Edwards exited fiscal 2011 with cash and cash equivalents and short-term investments of $450.5 million, up from $396.1 million at the end of December 2010 and a debt of $150.4 million. Free cash flow for the quarter was $62.4 million and the company repurchased 560,000 shares for $40.1 million.

Guidance

Edwards reiterated its guidance for fiscal 2012 that was provided during the investor conference in December 2011. Sales are expected to record 18−22% underlying growth to reach $1.95−$2.05 billion in 2012 with adjusted EPS of $2.70−$2.80. While the company expects to record free cash flow of $240−$260 million based on a strong cash balance, gross margin should be around 73−75%. The company expects THV sales of $560−$630 million in 2012, representing underlying growth of 70−90%, with $200−$260 million of sales generated in the US. The guidance assumes a mid-year 2012 approval of Cohort A of the Partner trial.

Meanwhile, the company expects to report revenues of $440−$460 million and adjusted EPS of 47−49 cents in the first quarter of fiscal 2012. The company’s guidance missed the current Zacks Consensus Estimate of $464 million in revenues and earnings of 55 cents per share.

Our Take

We are disappointed with Edwards missing the revenue estimates for the fourth quarter. Besides, guidance for the first quarter was lower than our estimates.  Economic pressure in southern Europe resulted in lower procedural volumes, which affected the company’s performance in the THV business.

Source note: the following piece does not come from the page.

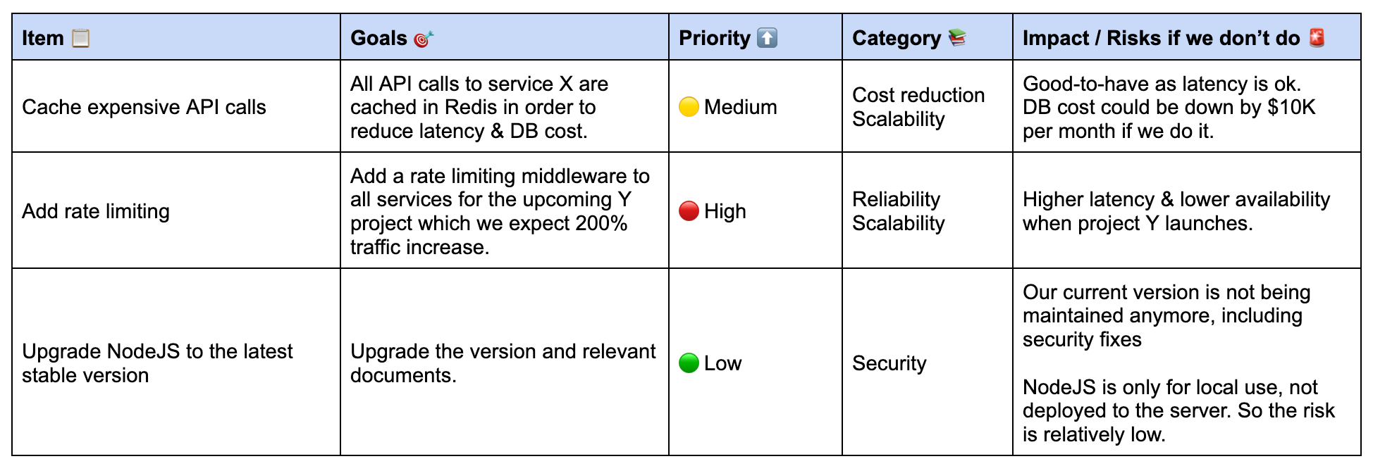 Impact: What benefits does it bring to the team, or what if we don’t do it.

As a reminder, in September, the Centers for Medicare & Medicaid Services (CMS) decided to initiate a National Coverage Analysis (NCA) of transcatheter aortic valve replacement (TAVR) to formulate a national coverage determination (NCD). This development has resulted in inconsistent interpretations among the regional Medicare contractors, which in turn led to lower than expected sales of Sapien. Although Edwards has the first mover advantage in the US, the competitive landscape in Europe is tough with the presence of Medtronic’s (MDT - Analyst Report) CoreValve.

Yesterday, the CMS posted on its website a proposed decision memo for TAVR. This has set off a 30-day public comment period after which a formal NCD will be issued in the next 90 days. As per the memo, CMS will provide coverage only if 5 conditions are met. These criteria might hamper the procedure growth for Sapien.  

We are currently Neutral on Edwards in the long term. The stock retains a Zacks #3 Rank (“Hold”) in the short term.